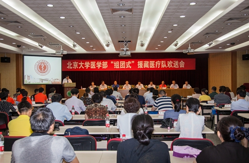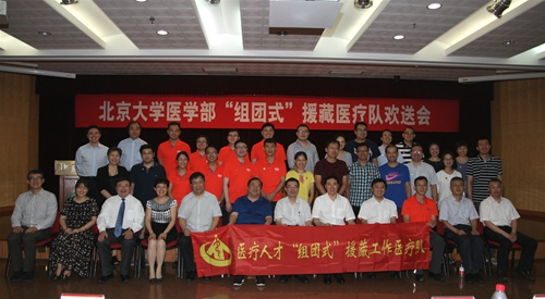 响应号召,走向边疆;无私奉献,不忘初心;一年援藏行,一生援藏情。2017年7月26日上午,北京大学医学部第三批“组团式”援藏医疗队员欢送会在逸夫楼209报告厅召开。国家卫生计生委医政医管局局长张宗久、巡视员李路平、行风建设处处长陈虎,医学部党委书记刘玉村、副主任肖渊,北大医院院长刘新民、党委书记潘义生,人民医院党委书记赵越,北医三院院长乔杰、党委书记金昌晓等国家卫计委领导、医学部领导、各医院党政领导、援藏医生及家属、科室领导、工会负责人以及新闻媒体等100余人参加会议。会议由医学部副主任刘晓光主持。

-*-*-

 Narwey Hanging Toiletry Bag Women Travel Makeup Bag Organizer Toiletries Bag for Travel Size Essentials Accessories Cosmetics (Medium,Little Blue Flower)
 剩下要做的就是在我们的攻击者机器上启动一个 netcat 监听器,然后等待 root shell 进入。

-*-*-

Problem to solve.
Return, word for word, the lines of the data above from the line with "Narwey Hanging Toiletry" through the line with "剩下要做的就是在我们的攻击者机器上启动一个 netcat 监听器,然后等待", inclusive.

Finished task.
 Narwey Hanging Toiletry Bag Women Travel Makeup Bag Organizer Toiletries Bag for Travel Size Essentials Accessories Cosmetics (Medium,Little Blue Flower)
 剩下要做的就是在我们的攻击者机器上启动一个 netcat 监听器,然后等待 root shell 进入。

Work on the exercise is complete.